Methods We endeavored to characterize the functional tumor microenvironment changes for two syngeneic models following treatment with anti-PD-1 and anti-CTLA-4 antibodies The syngeneic models used for the study were both colon adenocarcinomas, MC38 and CT26. Mice bearing subcutaneous tumors were dosed intraperitoneally with either vehicle alone, anti-CTLA-4, anti-PD-1, or a combination of the two immune checkpoint inhibitors on days 1, 4, and 8. Tumors were harvested on day 9 and assessed for gene expression by microarray analysis. The gene expression results were evaluated for the relationship between treatment regimen and tumor volume change by expression level association, functional set enrichment analysis, and immune cell population gene set variation analysis.

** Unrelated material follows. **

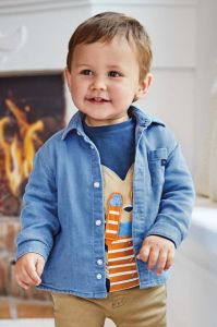 Сорочка для немовлят з колекції Mayoral. Модель виконана з деніму. Надзвичайно комфортний матеріал.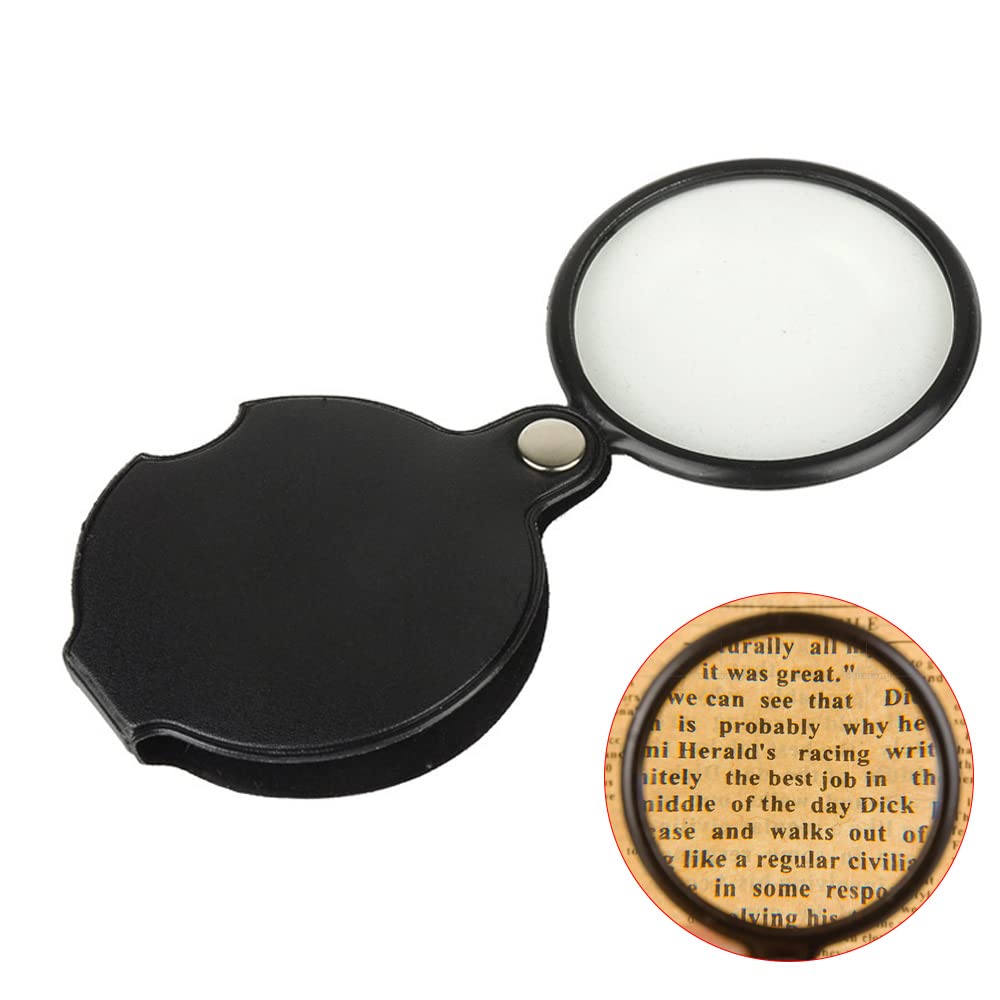 AAGWW ポケットルーペ8倍倍率手持ちルーペ携帯用折りたたみ式ルーペ革ケース収納に便利携帯用(直径50mm厚みレンズ、色:黒)

Results For each of the tumor models, >10,000 genes were found to be significantly differentially expressed. Functional set enrichment analysis showed notable changes in cell cycle and mitotic markers as well as immune response markers in MC38. In contrast, CT26 showed principally changes in immune response markers. Immune cell population set analysis revealed differential impacts on numerous immune cell populations between the models which correlate with therapy induced changes in tumor growth. These include expected changes in CD8+ T-cell populations for both models but also differential changes in other populations including CD56dim NK cells, eosinophils and B cells in MC38 and neutrophils in CT26. We also conducted a genomic analysis by whole exome sequencing. Both tumor models have relatively high tumor mutational burden; CT26 TMB = 377 MB and MC38 TMB = 69/MB. These data show the value of robust bioinformatics analysis of gene expression data sets to provide insights into the mode of action and model responses to investigational immune-oncology drugs.